Pictures must not appear in the copy. Restate exactly the lines below from the one with "蔵【テ1526】厳選逸品 振袖可 花蝶古典紋" through the one with "Mit dem Anstieg", inclusive.

■ Task material:
* * * *

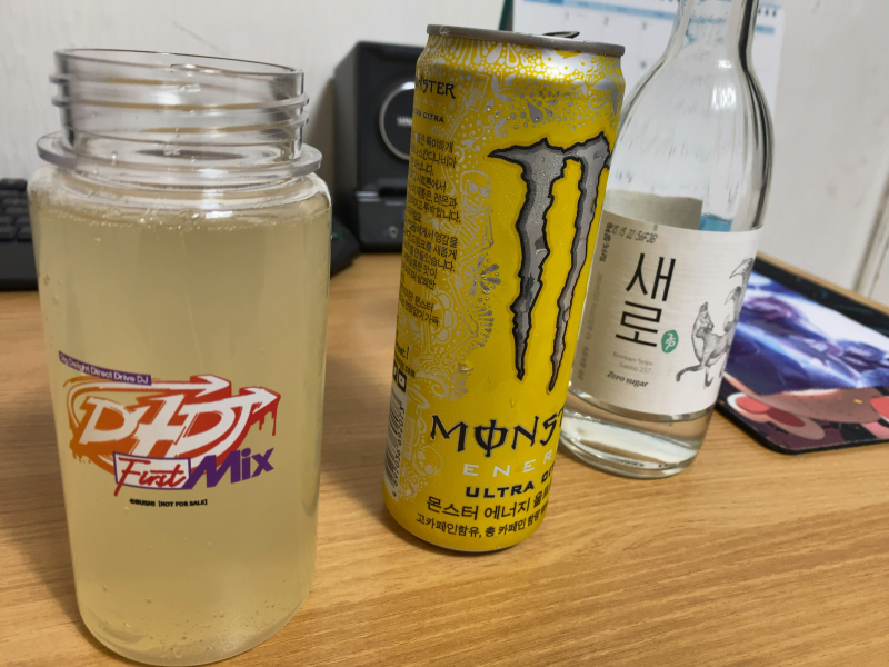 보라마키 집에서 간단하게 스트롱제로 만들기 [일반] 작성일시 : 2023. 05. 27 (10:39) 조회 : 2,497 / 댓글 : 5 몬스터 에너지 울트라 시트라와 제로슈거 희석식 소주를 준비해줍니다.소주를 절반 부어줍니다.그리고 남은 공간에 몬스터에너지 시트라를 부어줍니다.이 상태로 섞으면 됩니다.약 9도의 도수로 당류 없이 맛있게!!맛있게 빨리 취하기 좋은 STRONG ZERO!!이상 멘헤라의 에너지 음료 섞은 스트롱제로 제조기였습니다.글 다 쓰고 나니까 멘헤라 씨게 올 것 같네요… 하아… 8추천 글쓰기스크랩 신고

* * * *

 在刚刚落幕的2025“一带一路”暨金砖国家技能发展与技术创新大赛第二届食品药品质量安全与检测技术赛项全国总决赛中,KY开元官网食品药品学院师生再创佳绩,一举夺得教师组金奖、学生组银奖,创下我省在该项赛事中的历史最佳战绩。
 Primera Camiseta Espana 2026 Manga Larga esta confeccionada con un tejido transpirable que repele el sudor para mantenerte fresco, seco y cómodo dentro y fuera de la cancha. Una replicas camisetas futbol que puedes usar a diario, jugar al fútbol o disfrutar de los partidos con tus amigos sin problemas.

* * * *

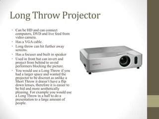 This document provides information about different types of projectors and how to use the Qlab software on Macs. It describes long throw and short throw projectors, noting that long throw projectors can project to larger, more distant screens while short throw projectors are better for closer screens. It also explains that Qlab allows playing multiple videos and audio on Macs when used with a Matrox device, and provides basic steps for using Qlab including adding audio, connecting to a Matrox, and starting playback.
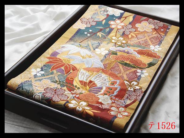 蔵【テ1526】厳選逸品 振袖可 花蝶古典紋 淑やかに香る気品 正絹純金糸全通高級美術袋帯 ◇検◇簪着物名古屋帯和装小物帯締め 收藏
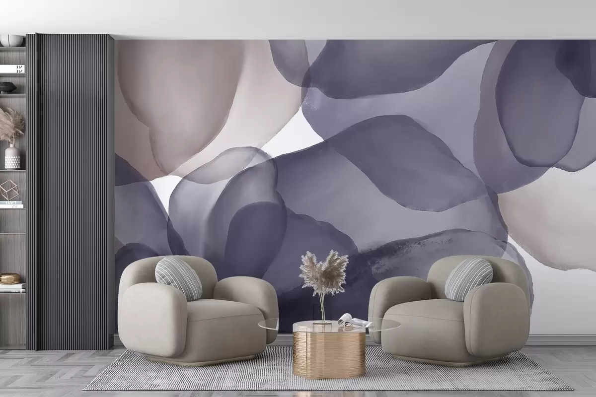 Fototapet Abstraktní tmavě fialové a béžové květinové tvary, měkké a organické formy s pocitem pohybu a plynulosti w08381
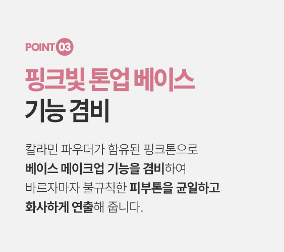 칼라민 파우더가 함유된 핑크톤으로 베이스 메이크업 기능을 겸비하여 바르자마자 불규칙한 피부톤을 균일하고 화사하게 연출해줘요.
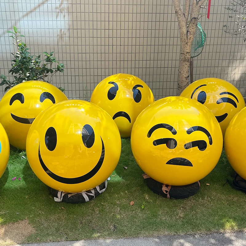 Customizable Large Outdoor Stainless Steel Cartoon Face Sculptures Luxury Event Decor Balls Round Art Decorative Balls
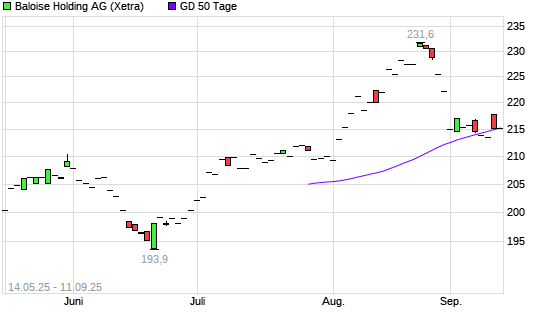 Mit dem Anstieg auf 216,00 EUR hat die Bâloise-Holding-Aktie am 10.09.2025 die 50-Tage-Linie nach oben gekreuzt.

* * * *

■ Your response:
 蔵【テ1526】厳選逸品 振袖可 花蝶古典紋 淑やかに香る気品 正絹純金糸全通高級美術袋帯 ◇検◇簪着物名古屋帯和装小物帯締め 收藏
 Fototapet Abstraktní tmavě fialové a béžové květinové tvary, měkké a organické formy s pocitem pohybu a plynulosti w08381
 칼라민 파우더가 함유된 핑크톤으로 베이스 메이크업 기능을 겸비하여 바르자마자 불규칙한 피부톤을 균일하고 화사하게 연출해줘요.
 Customizable Large Outdoor Stainless Steel Cartoon Face Sculptures Luxury Event Decor Balls Round Art Decorative Balls
 Mit dem Anstieg auf 216,00 EUR hat die Bâloise-Holding-Aktie am 10.09.2025 die 50-Tage-Linie nach oben gekreuzt.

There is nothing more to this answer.